Kemco Worldwide's End of Aspiration does not attempt to be the most original role playing game. Instead, it occupies a series of tablet games known as Japanese role playing games, or JRPGs. Like Tinkerhouse Games' Cthulhu Saves the World, End of Aspiration imitates the sixteen-bit games that made their home on the Super Nintendo Entertainment System and the Sega Genesis.
End of Aspiration begins its story by introducing the player to an aspiring mage. She begins by taking on a criminal organization that is imaginatively named the mafia This criminal organization, which obviously has no real world analog, is looking for old robots in an abandoned city. After she completes this mission, she returns to the orphanage where she was raised.
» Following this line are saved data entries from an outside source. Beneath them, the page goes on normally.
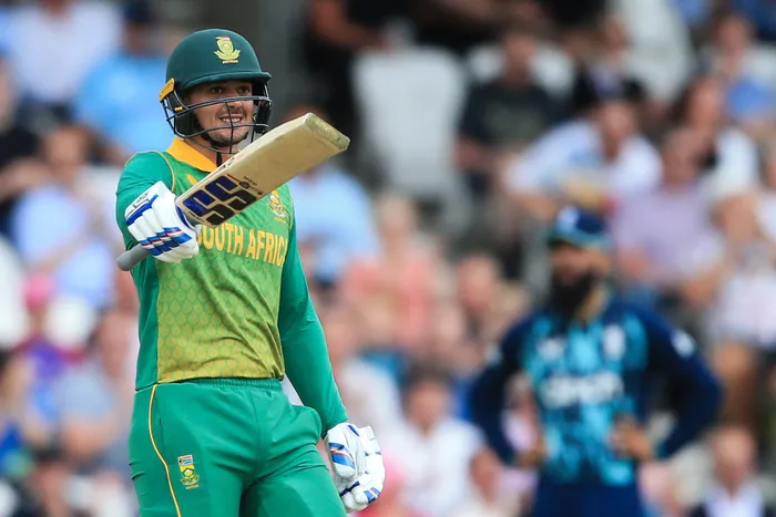 South Africa's Quinton de Kock celebrates his half-century on the third one-day international cricket match against England at Headingley Cricket Ground in Leeds on Sunday South Africa's Quinton de Kock celebrates his half-century on the third one-day international cricket match against England at Headingley Cricket Ground in Leeds on Sunday. Photo: Lindsey Parnaby/AFP
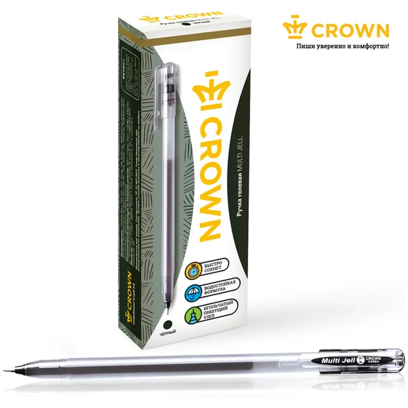 Гелевая ручка Crown 'Multi Jell' - одноразовая гелевая ручка с ультратонким наконечником, которая подходит для экзаменов, ведения документооборота, заполнения бланков, заметок в ежедневнике, заполнения личного дневника, рисунков в скетчбуке. Корпус сделан из высококачественного первичного пластика, который в случае поломки не оставляет острых углов и мелких осколков. Корейские гелевые чернила на водной основе обладают высокой светостойкостью и водостойкостью, мгновенно высыхают, не смазываются и обеспечивают мягкое и комфортное письмо.Благодаря гелеобразной консистенции чернил и специальной технологии двух подпружиненных шариков в пишущем узле гелевые ручки Crown обеспечивают мягкое и комфортное письмо.Равномерно измельченный пигмент в составе чернил позволяет писать ярко без пропусков и исключает царапины на бумаге. Легкая изящная линия письма, мягкое скольжение по бумаге.Цвет чернил - черная, диаметр пишущего узла - 0,4 мм. Упаковка: картонная коробка по 12 штук.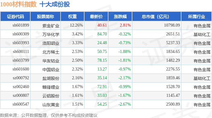 资金流向方面,1000材料(399382)指数成份股当日主力资金净流出合计128.19亿元,游资资金净流入合计16.35亿元,散户资金净流入合计111.84亿元。成份股资金流向详情见下表: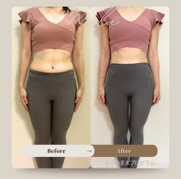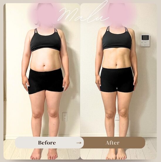 気づけばお腹周りは −9.5cm。ズボンもゆるゆるになって、体重は20代の頃に戻っていました! そして何より一番は、「私でもできるんだ」って思えたことが本当にうれしかったです。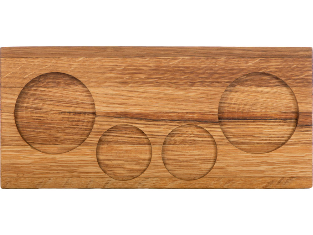 Для сервировки в набор входит дубовый поднос с выемками под бокалы и шайбы.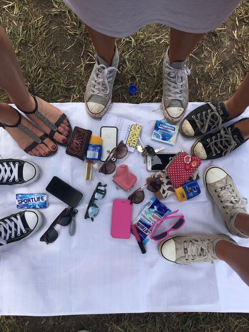 Dit is hoe de inhoud van meidentasjes eruit ziet. Anouk (2x), Aafke en Jitske (25) zijn zo te zien niets vergeten.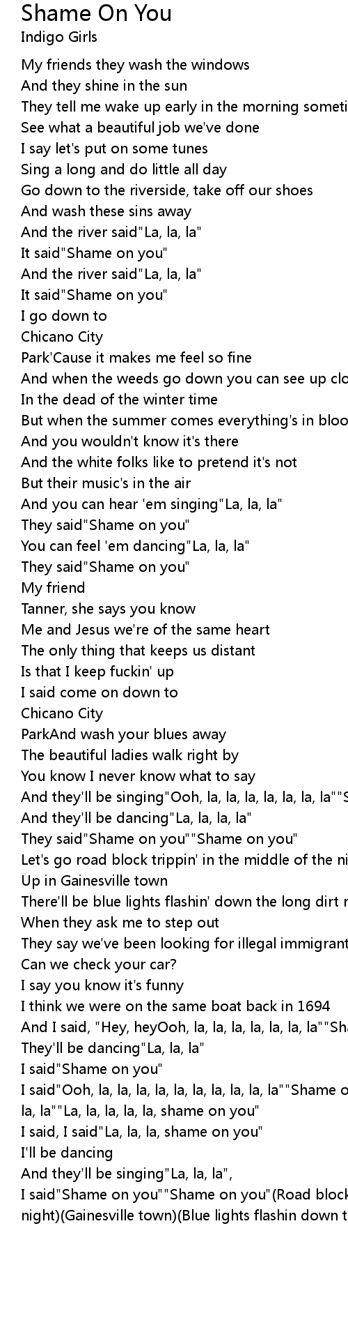 I said"Ooh, la, la, la, la, la, la, la, la, la, la""Shame on you""Shame on you, la, la""La, la, la, la, la, shame on you" |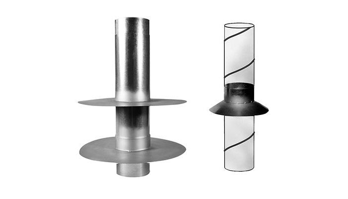 Die Dachdurchführung besteht aus einem Standrohr, mit einer runden Grundplatte. Die Grundplatte ist an das Standrohr gepunktet und mit Dichtmasse abgedichtet. Zum Lieferumfang gehört ebenfalls eine verschiebbare Topplatte mit 250 mm langem Rohrstutzen. Die Topplatte ist an den Rohrstutzen gepunktet und verlötet. Sie wird auf die Isolierung aufgesetzt. Die Schweißnähte der Bauteile sind mit Zinkspray nachbehandelt.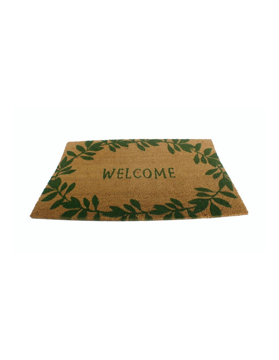 Grand paillasson rectangulaire en fibre de coco, idéal pour l'intérieur. Son design vert avec des fleurs et le mot "Bienvenue" apporte chaleur et style à l'entrée de votre maison, terrasse ou jardin.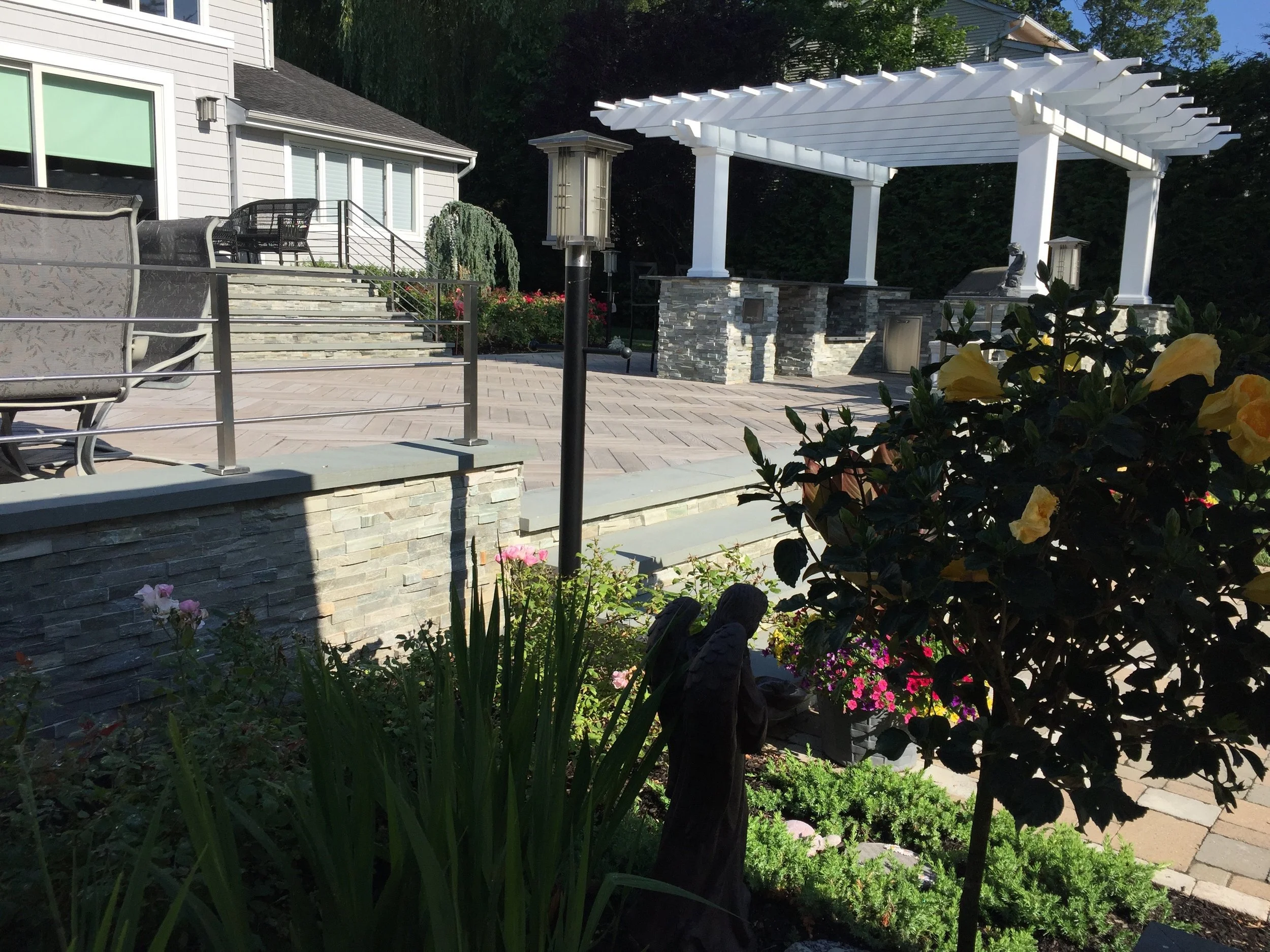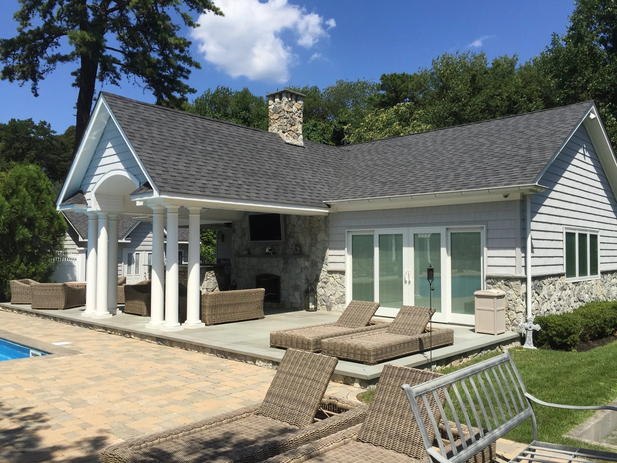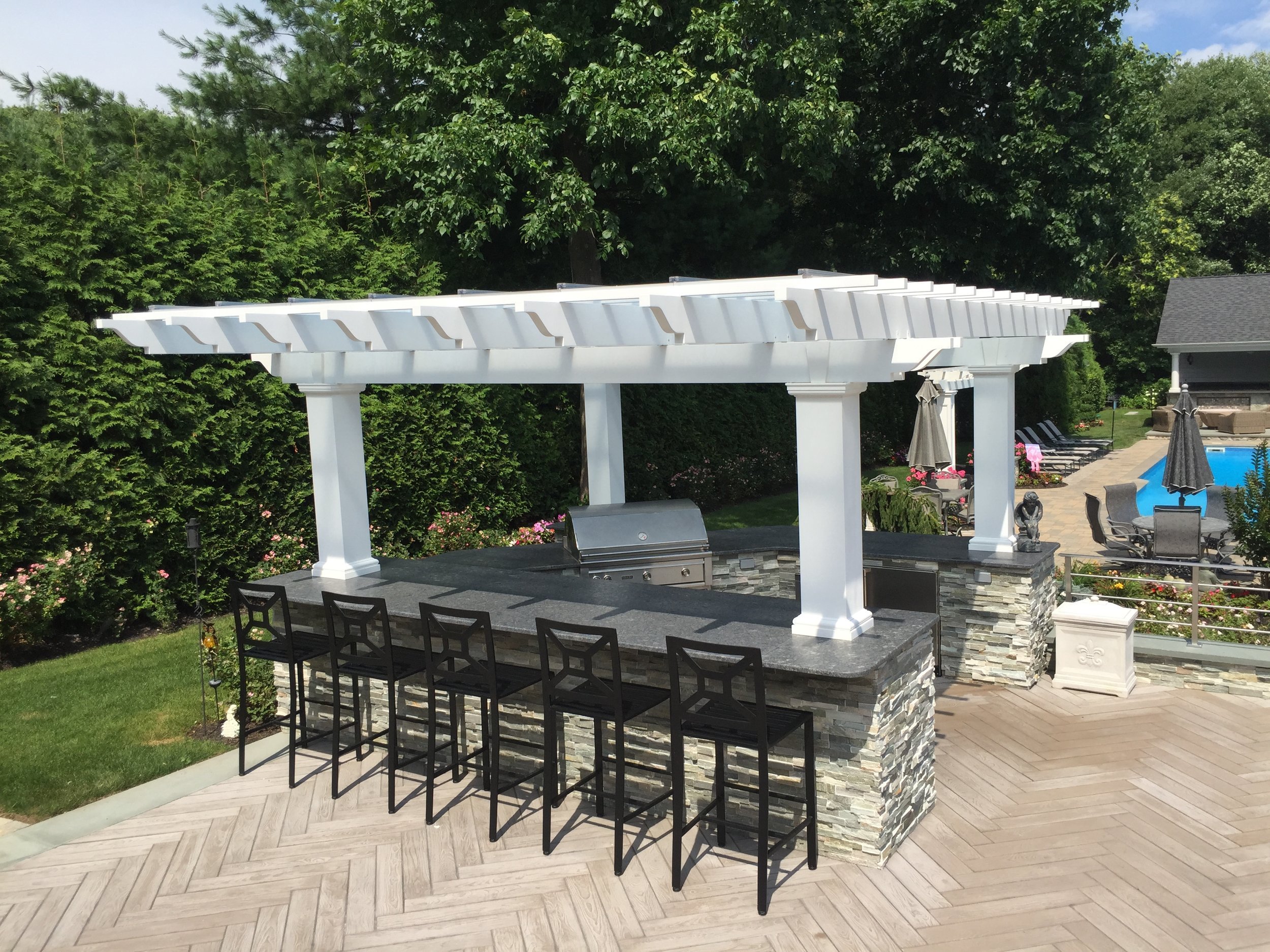A narrow, yet deep, property presents its own set of landscape challenges. By playing with the depth of the yard, Gary Duff Designs transformed the unusual layout into a space that felt wider, more expansive and more inviting. A new cabana, complete with bocce court, and a new spacious outdoor kitchen, complete with pergola and above shade structure, resulted in a plethora of fresh entertainment options. At the end of the project, the Smithtown homeowners were left with space that was much more a resort than residence.

Here, the player finds out the orphanage owes money to a robber baron who has loaned money at usurious rates.
Other characters are woven into the story as the game progresses, and each one looks like something that came out of a Phantasy Star Game. The artwork does not qualify as high quality or low quality, it simply exists as a vehicle to tell a story.
Even End of Aspiration's story line does not seem to engage the player. Characters all seem to have the same personality, and all of this makes it hard for someone to care about their world or its plight.
Despite these flaws, the game offers an entertaining diversion, and it can be played on a person's lunch break. Kemco developed a title that will not be remembered, but a player who downloads the version with ads, does not waste his money.